Let $L/K$ be a finite field extension. I need to prove that if $L/K$ is separable, then $E\otimes_KL$ is reduced for every algebraic field extension $E/K$.
I've readed that I need to use the Primitive Element Theorem and then the Chinesse Remainder Theorem, but I just don't see it. Any help would be appreciated.
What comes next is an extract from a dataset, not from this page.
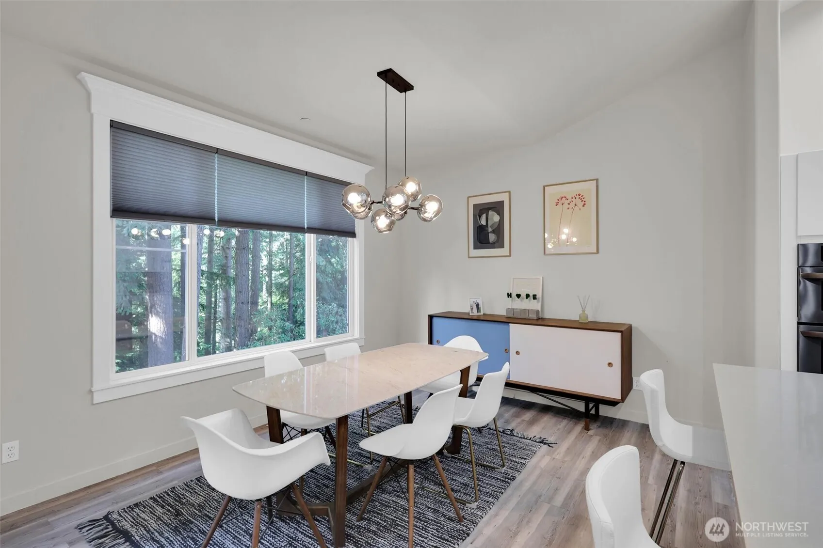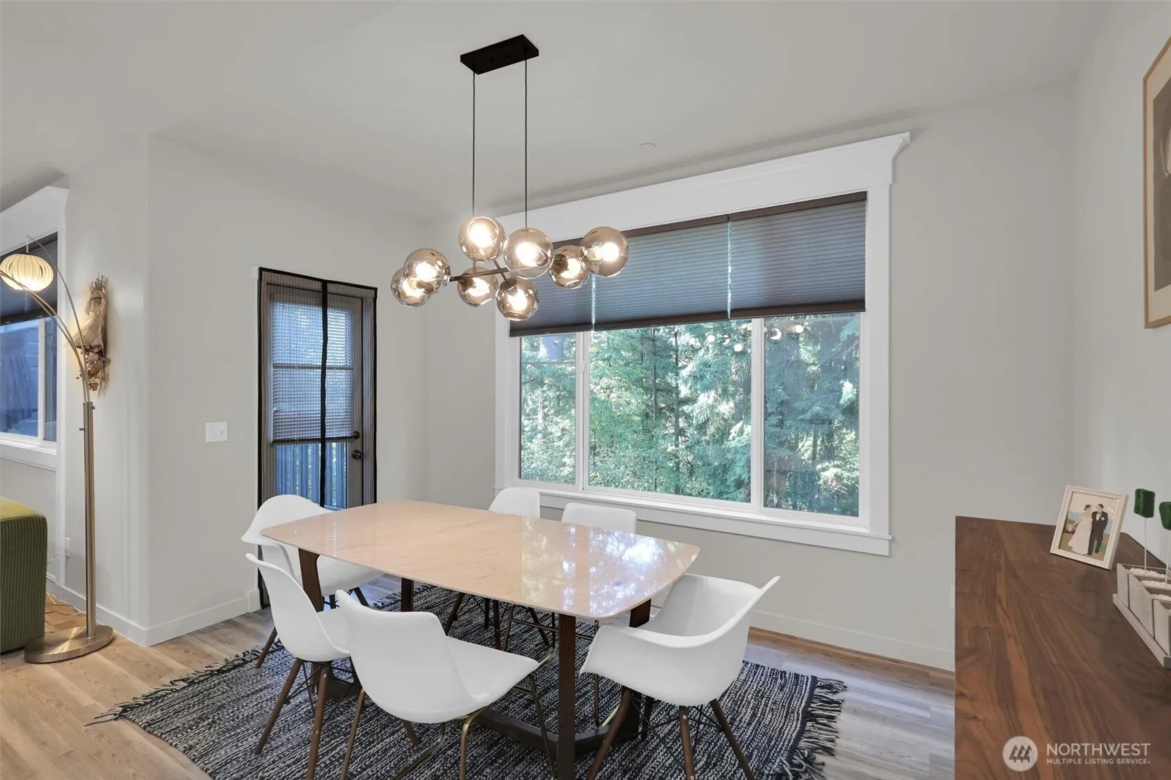 Charmingly updated townhome w/1484 sq ft of living space offers 3 bedrms and 2.25 baths w/open layout. Remodeled in 2021, Stylish kitchen features vaulted ceiling w/skylight, glossy cabinets, quartz counters, tile backsplash, SS appliances including microwave/oven combo, dishwasher, and induction range, plus engineered hardwood floors. Spacious living rm w/elegant gas fireplace and dining area opening to a private deck backing to greenbelt and tails. Primary suite includes remodeled bath w/double vanities, tiled glass dr shower. Main and powder baths also remodeled. Newer roof and exterior paint(3 years ago). 2 car garage. Community amenities include 2 pools, athletic courts, and parks. Short walk to Yellow Lake. Top-rated Issaquah schools.
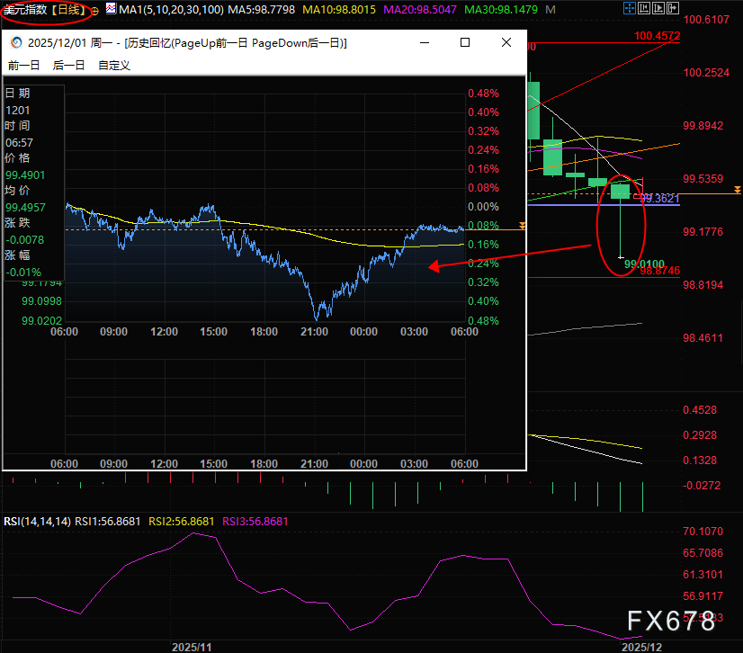 (美元指数日线及日内分时图)

Since $L/K$ is a finite separable extension, there is a $\theta\in L$ such that $L=K(\theta)$ by the primitive element theorem. Let $P$ be the minimal polynomial of $\theta$ over $K$. Let $E/K$ be any field extension, algebraic or not. Since $\theta$ is separable over $K$, the irreducible polynomial $P$ is a separable polynomial. This means that all the roots of $P$ in any extension of $K$ are simple. Let $$ P=P_1^{e_1}\cdots P_r^{e_r} $$ be the decomposition of $P$ in irreducible factors in $E[X]$. Since $P$ is separable, all $e_i$ are equal to $1$. It follows that $$ E\otimes_KL=E\otimes_K(K[X]/(P))=(E\otimes_KK[X])/(P)=E[X]/(P)=\prod_{i=1}^r E[X]/(P_i) $$ by the Chinese remainder theorem. Since the $P_i$ are irreducible in $E[X]$, the product above is a product of fields. In particular, it is reduced.